Wait 20 minutes for convection currents to stop after boil.
Whirlpool
Wait 20 more minutes for everything to settle.

A bit time consuming but seemed to work for me.


----------



## amarks6 (30/10/12)

I use a 40 l Crown with concealed element and have no problem getting a good trub cone after whirlpooling.

I wait 5-10 minutes after flame-out, remove urn lagging, but leave lid on (I read here somewhere that this helps prevent convention currents). Then I whirlpool using a long-handled plastic spoon, put the lid back on and wait 10-15 minutes til the whirlpool stops completely.

I have always used Irish Moss in the boil (last 15-20 minutes) and get a good cone.
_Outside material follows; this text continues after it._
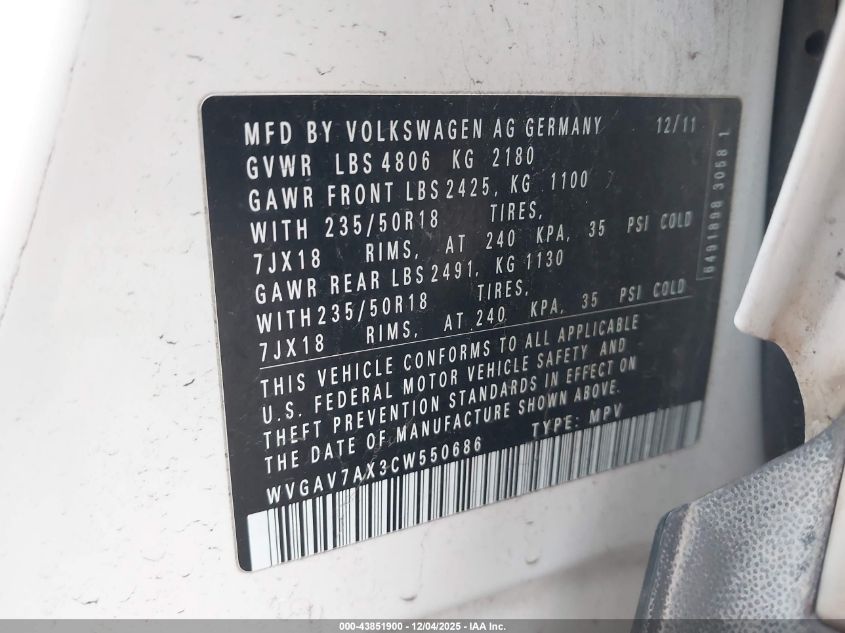 2012 VOLKSWAGEN TIGUAN S

Last brew I used Brewbrite for the first time and the cone set like concrete. I was able to drain off absolutely clear wort (in a Boh Pils) even without a pickup inside the urn. Just tilted it at the end.

Another method that seems to work - if you don't want to whirlpool - is to use a bazooka screen (see HERE) fitted to the inside of the urn and use predominantly hop flowers or plugs instead of pellets. When draining, recycle the first litre or so back into the urn (gently to avoid spashing) until the wort runs clear. The flowers/plugs seem to set up a trub filter around the bazooka which hold back all the hot break, etc.

Cheers.


----------



## Aydos (30/10/12)

I will try adding brewbrite at 10mins and whirlpool 20mins after flameout and see how that goes.


----------



## seamad (30/10/12)

Lately i have added brewbrite at whirlpool, which seems to work better imo. Give it a shot both ways and see how you go. I ran out of it yesterday and used whirfloc which didnt give as good a cone.


----------



## Aydos (30/10/12)

I tried brewbrite on my last batch at whirlpool, being 10mins after flame out and left for another 10mins and it was a murky mess when i got down the bottom of the kettle.


----------



## amarks6 (30/10/12)

aydos said:


> I tried brewbrite on my last batch at whirlpool, being 10mins after flame out and left for another 10mins and it was a murky mess when i got down the bottom of the kettle.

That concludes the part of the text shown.